=== Section Start ===
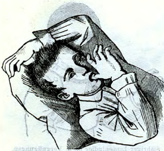
4jähr. Daumenludler mit. d. Vergnügungsp. in der akt. Aushilfshand, Sohn eines Kaffeesieders
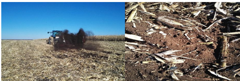
图 3 有机肥抛撒作业

在需要进行秸秆配合有机肥深混还田的区域，在秸秆粉碎后进行有机肥抛撒作业。使用有机肥抛撒车，将腐熟发酵后的有机肥地抛撒在田面上，有机肥施用量为每公顷 45 t。
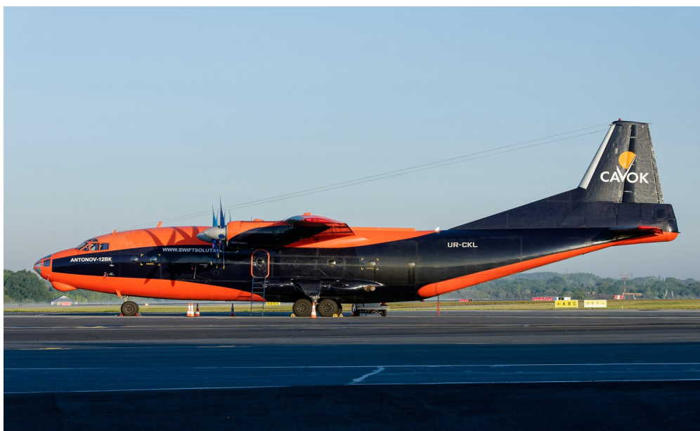
ANTONOV An12 UR-EKL CAVOK Le 15 septembre 2017
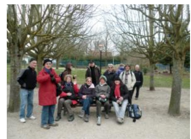
28 mars: entre Marne et canal. 20 personnes.
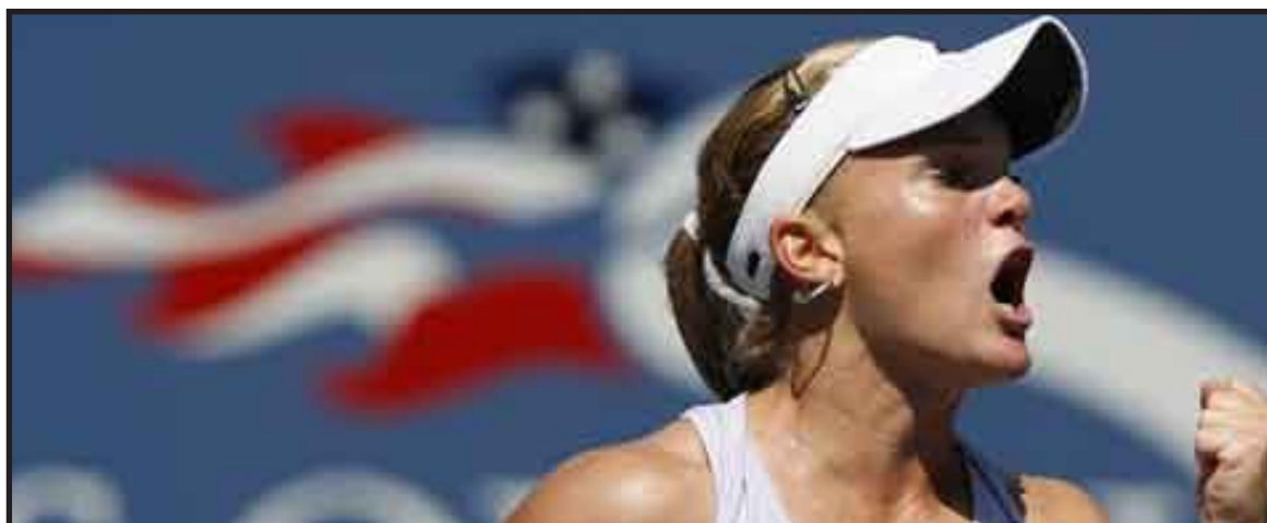
Como si fuese un cuento de hadas, la chica estadounidense de 17 años se ha convertido en la sensación del último Grand Slam de la temporada, tras clasificarse a los octavos de final con un triunfo 3-6, 6-4, 7-5 sobre Maria Sharapova.

Oudin no es la única mujer que está teniendo un torneo de ensueño, ya que la argentina Gisela Dulko se metió entre las 16 mejores al vencer 6-3, 6-4 a la kazaja Yaroslava Shvedova, emulando su mejor actuación en los Grand Slams.
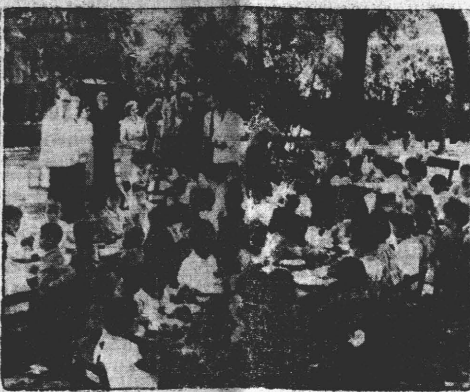
EN LA GUARDERIA.— Alrededor de 100 pequeños internados, fueron agasajados en la Guardería N. Señora de la Misericordia, por personal de la Policía Federal. En la presente nota aparecen autoridades de la casa y jefes de dicha repartición policial, junto a los agasajados.
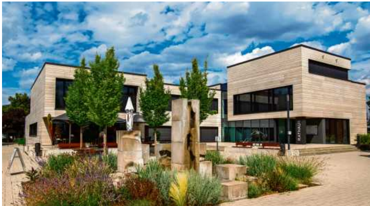
Das 1971 eingeweihte neue Rathaus wurde komplett renoviert und glänzt seit 2019 nach dem Umbau mit einer neuen, modernen Fassade.

Mit Beginn des 16. Jahrhunderts erlebte Pleidelsheim einen großen wirtschaftlichen Aufschwung.
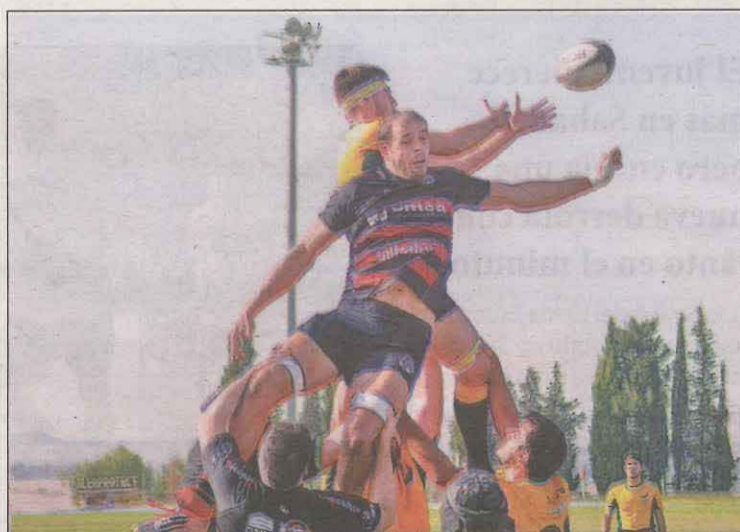
Imagen de uno de los partidos
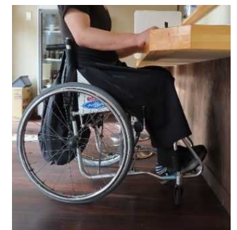
ローカウンターの設置
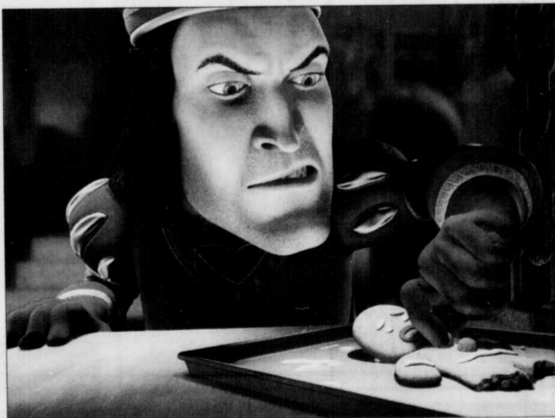
Lord Farquaad, le vilain monarque soumet à la torture le bonhomme en pain d'épice.
=== Section End ===
■ **TASK DETAILS**
Omit every picture, then write out the entries above exactly.

■ **RESULT OF THIS EXERCISE**
4jähr. Daumenludler mit. d. Vergnügungsp. in der akt. Aushilfshand, Sohn eines Kaffeesieders
图 3 有机肥抛撒作业

在需要进行秸秆配合有机肥深混还田的区域，在秸秆粉碎后进行有机肥抛撒作业。使用有机肥抛撒车，将腐熟发酵后的有机肥地抛撒在田面上，有机肥施用量为每公顷 45 t。
ANTONOV An12 UR-EKL CAVOK Le 15 septembre 2017
28 mars: entre Marne et canal. 20 personnes.
Como si fuese un cuento de hadas, la chica estadounidense de 17 años se ha convertido en la sensación del último Grand Slam de la temporada, tras clasificarse a los octavos de final con un triunfo 3-6, 6-4, 7-5 sobre Maria Sharapova.

Oudin no es la única mujer que está teniendo un torneo de ensueño, ya que la argentina Gisela Dulko se metió entre las 16 mejores al vencer 6-3, 6-4 a la kazaja Yaroslava Shvedova, emulando su mejor actuación en los Grand Slams.
EN LA GUARDERIA.— Alrededor de 100 pequeños internados, fueron agasajados en la Guardería N. Señora de la Misericordia, por personal de la Policía Federal. En la presente nota aparecen autoridades de la casa y jefes de dicha repartición policial, junto a los agasajados.
Das 1971 eingeweihte neue Rathaus wurde komplett renoviert und glänzt seit 2019 nach dem Umbau mit einer neuen, modernen Fassade.

Mit Beginn des 16. Jahrhunderts erlebte Pleidelsheim einen großen wirtschaftlichen Aufschwung.
Imagen de uno de los partidos
ローカウンターの設置
Lord Farquaad, le vilain monarque soumet à la torture le bonhomme en pain d'épice.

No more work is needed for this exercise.